Apolipoprotein E genotype is associated with accelerated atrophy in the brain during disease progression (Shen et al., 2010), and the gray matter density in the medial temporal lobe (MTL) of APOE-ε4 carriers is particularly sensitive to this type of atrophy (Thomann et al., 2008; Fei and Jianhua, 2013). While the effect of APOE genotype on MTL atrophy has been well established in older adults, effects on the young brain are less clear. Whole brain analyses in healthy APOE-ε4 carriers report increased (Alexander et al., 2012), decreased (Wishart et al., 2006; O’dwyer et al., 2012; Knickmeyer et al., 2013), or unchanged (Mondadori et al., 2007; Filippini et al., 2009; Dennis et al., 2010; Samuraki et al., 2012; Stein et al., 2012; Matura et al., 2014) MTL volume depending on the experimental parameters. Although less studied than APOE-ε4, APOJ was also not associated with MTL differences in a large scale genome-wide association study (GWAS) meta-analysis (Stein et al., 2012). As with APOE, it may be that more sensitive analyses are necessary to detect differences induced by APOJ risk. Thus, our aim was to assay gray matter volume in a particular area of the MTL that is susceptible to AD pathology very early in the disease, the entorhinal cortex (Braak et al., 2011). The entorhinal cortex facilitates communication between the hippocampus and neocortex for memory consolidation. We sought to test whether APOE and APOJ genotypes affected entorhinal cortex volume in a cohort of young adults. In addition, the putative functional similarities between the proteins these genes encode (Kounnas et al., 1995; Koch et al., 2001; Elliott et al., 2010; Leeb et al., 2014) prompted us to explore whether APOE and APOJ polymorphisms may have a cumulative effect, which would suggest the potential of a common pathway for these risk factors in a region critical for AD pathogenesis.
Materials and Methods
Participants were healthy, right-handed university students and community members (n = 57, 33 male, 74% Caucasian). Each participant provided informed consent for MRI and genotyping. These participants ranged from 18–35 years of age (mean = 21.8, standard deviation = 4.0) with no history of mental illness, psychoactive medication or brain injury. All procedures received IRB approval prior to the study.

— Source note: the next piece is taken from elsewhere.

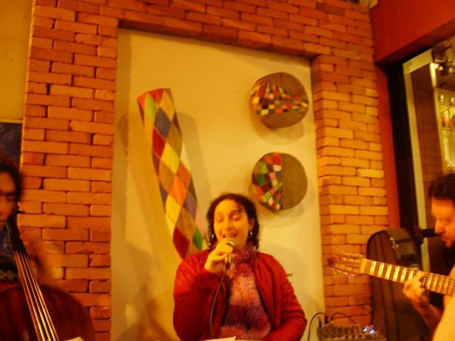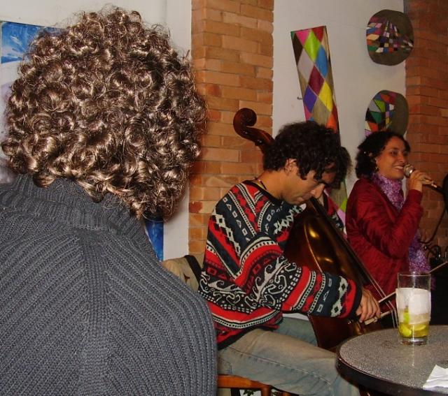 As apresentações sempre reservam surpresas, já que músicos não faltam na Lagoa da Conceição, e vários dão palhinhas na roda. De qualquer maneira, o grupo fundamental que se reúne periodicamente conta com Raphael Galcer, Marina Beraldo, Maria Beraldo, Osvaldo Pomar e Lu Alves na voz (o pessoal migra com freqüência pro samba). Ontem, por exemplo, a pedido, tocaram três músicas do Hermeto Pascoal. Estavam acompanhados, em diferentes momentos, de um pandeirista chamado Camilo, do cavaquinista Álvaro Fausane, integrante também do grupo Molho Madêra, e do violoncelista Fred Malverde.

We performed genotyping of the human APOJ (or CLU) polymorphism at rs11136000, human APOE polymorphism at rs429358 (codon 112), and human APOE polymorphism at rs7412 (codon 158) using the TaqMan assay (Applied Biosystems). A reaction volume of 25 μL containing 50 ng DNA, 5 mL MgCl2 and 1X TaqMan Universal PCR Master Mix containing AmpliTaq Gold DNA Polymerase was amplified using 40 cycles of 15 s at 95°C and 1 min at 60°C. A total of 0.2 μM of each of the sequence-specific probes 5′-6FAM ACCAAAGCCACACCAGCTATCAAAA[T]TCT CTAACGGGCCCTTGCCACTTGA-TAMRA-3′ and 5′-VIC-ACCAAAGCCA CACCAGCTATCAAAA[C]TCTCTAACGGGCCC TTGCCACTTGA-TAMRA-3′ were used in the allelic discrimination assay for APOJ. For the allelic discrimination assay for APOE, sequence specific probes were also used: 5′ VIC-CCGCGATGCCGATGACCTGCAGAAG [C]GCCTGGCAGTGTACCAGGCCGGGGC–TAMRA-3′ and 5′FAM-CCGCGATGCC GATGACCTGCAGAAG[T]GCCTGGCAGT GTACCAGGCCGGGGC-TAMRA-3′ for rs7412 and 5′ VIC-GCTGGGCGCG GACATGGAGGACGTG[C]GCGGCCGCCTGGTGCAGTACCGCGG-TAMRA-3′ and 5′FAM-GCTGGGCGCGGACATGGAGGACGTG[T]GCGGCCGCCTGGT GCAGTACCGCGG-TAMRA-3′ for rs429358. Allele detection and genotype calling were performed using the ABI 7700 and Sequence Detection Software (Applied Biosystems). All calls scored at least 95% quality values and were verified by 100% recall on ~20% of samples that were re-tested for quality control.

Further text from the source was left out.